* [PROBLEM] Please restate word for word all lines from the one containing "傍晚时分,终于到达了丽江,迎" to the final line of the entries, and include no pictures.

Items from a data source:
* * * *

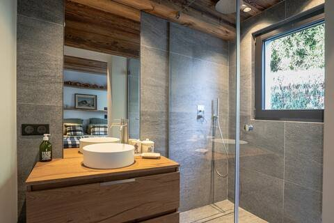 Layout: - Comprising a large entrance hall - A large living/dining room/open kitchen fully equipped with a bar - A first bedroom with double bed (160x200) and en-suite shower room. - A second bedroom with a double bed (160x200) and en-suite shower room - The third bedroom (cabin) has two bunk beds (90x190) - Laundry room with washing machine/dryer and ski room with heated shoe dryer. -Comfortable outdoor parking, WiFi, 150m2 garden and 30m2 terrace.
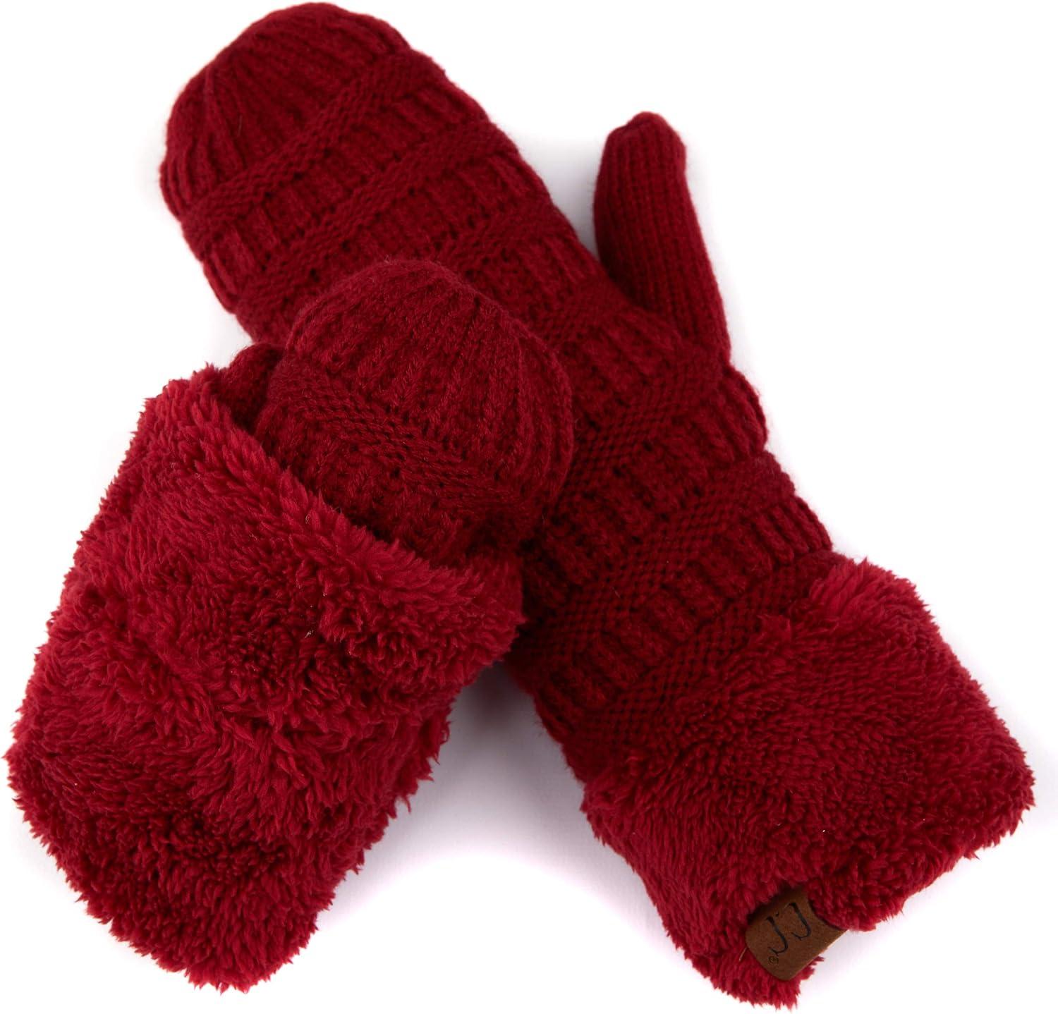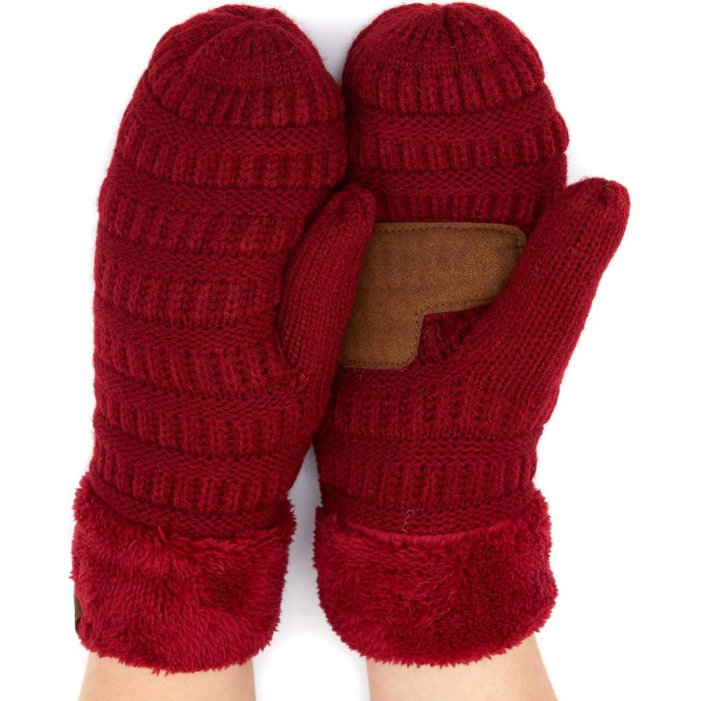 C.C Women Thick Faux Fur - Sherpa Fleece Lined Warm Winter Mittens(Burgundy -Thick Solid)
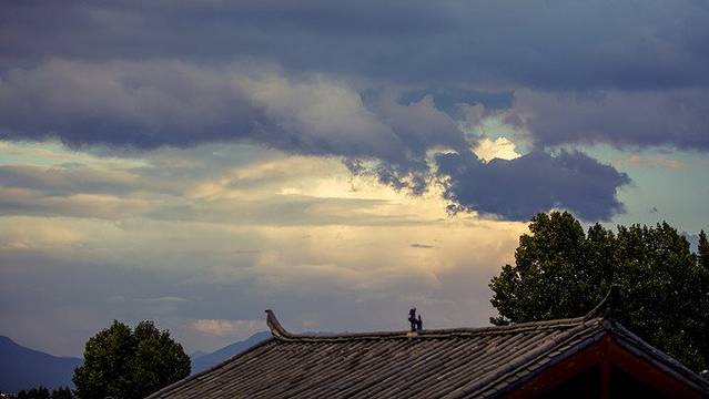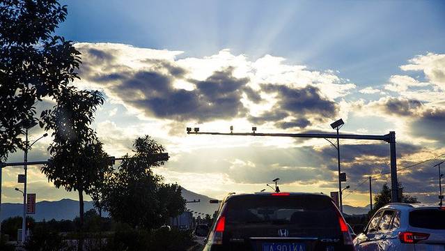 傍晚时分,终于到达了丽江,迎接我们的除了漂亮得火烧云以外,还有堵车的队伍。国庆期间丽江的车比平时多了很多倍,趁着大假出来玩儿的人还是相当的多。
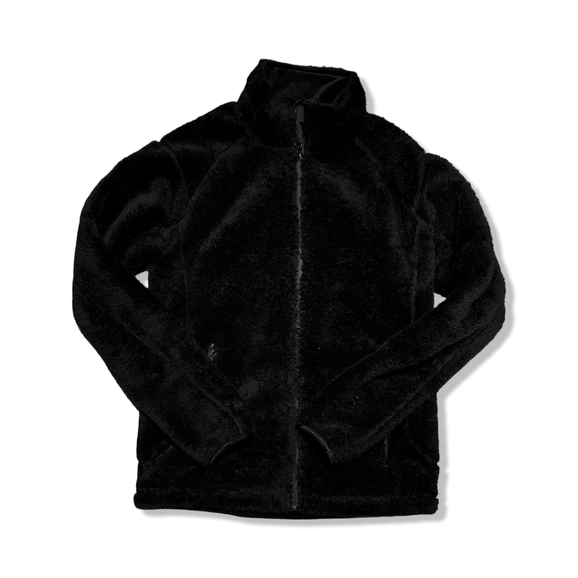 It features a full-length front zipper and a high collar to keep out the chill. Two zippered hand pockets secure small essentials and offer quick hand warmth. The fleece delivers reliable comfort without feeling heavy, layering smoothly without bulk.
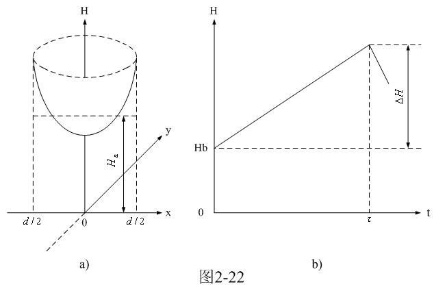 圖2-22-a和圖2-22-b是圓柱形鐵芯中磁場強度按水平分布的函數H(x,y)曲麵圖和按時間分布的函數H(t)曲線圖。
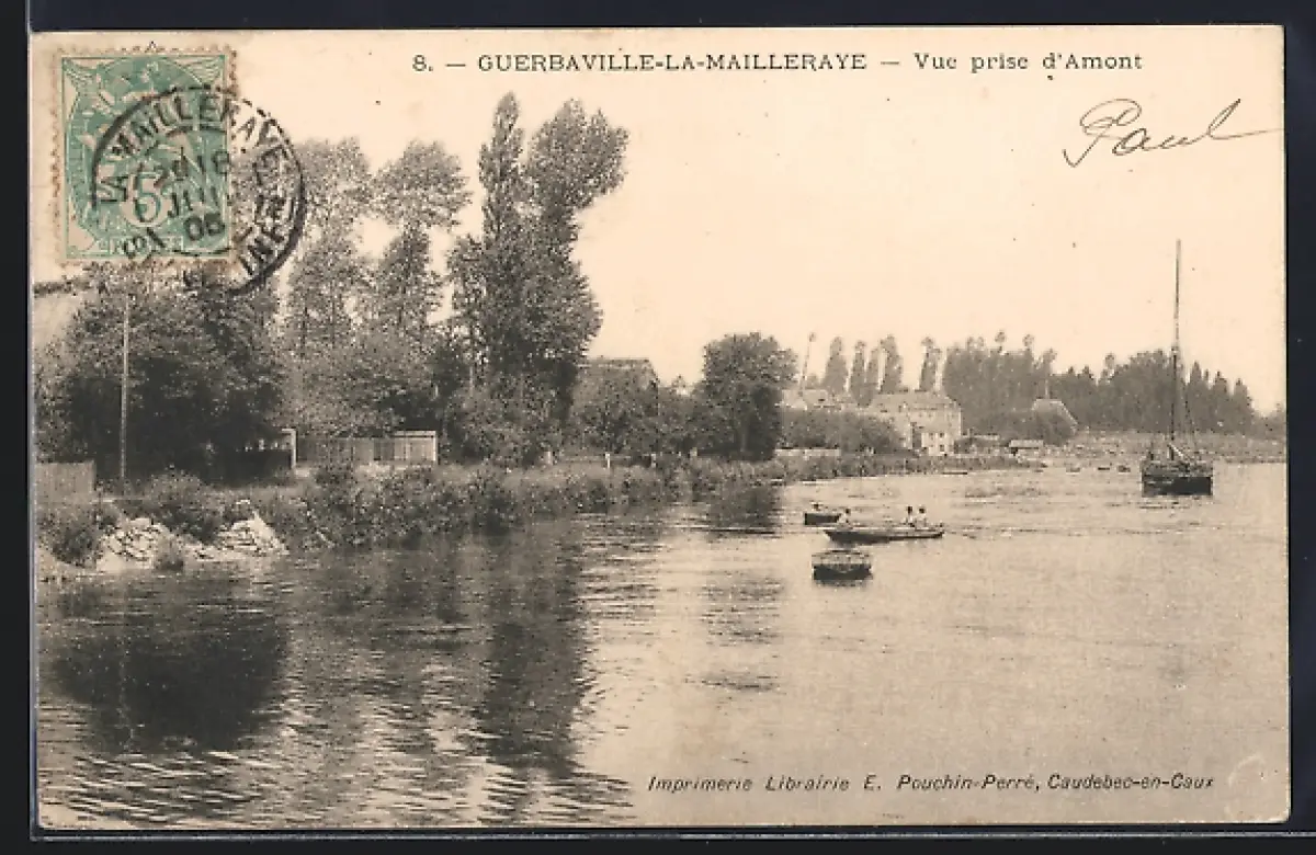 AK Guerbaville-la-Mailleraye, Vue prise d`amont avec bateaux sur la rivière

* * * *

* [EXERCISE RESULT]
 傍晚时分,终于到达了丽江,迎接我们的除了漂亮得火烧云以外,还有堵车的队伍。国庆期间丽江的车比平时多了很多倍,趁着大假出来玩儿的人还是相当的多。
 It features a full-length front zipper and a high collar to keep out the chill. Two zippered hand pockets secure small essentials and offer quick hand warmth. The fleece delivers reliable comfort without feeling heavy, layering smoothly without bulk.
 圖2-22-a和圖2-22-b是圓柱形鐵芯中磁場強度按水平分布的函數H(x,y)曲麵圖和按時間分布的函數H(t)曲線圖。
 AK Guerbaville-la-Mailleraye, Vue prise d`amont avec bateaux sur la rivière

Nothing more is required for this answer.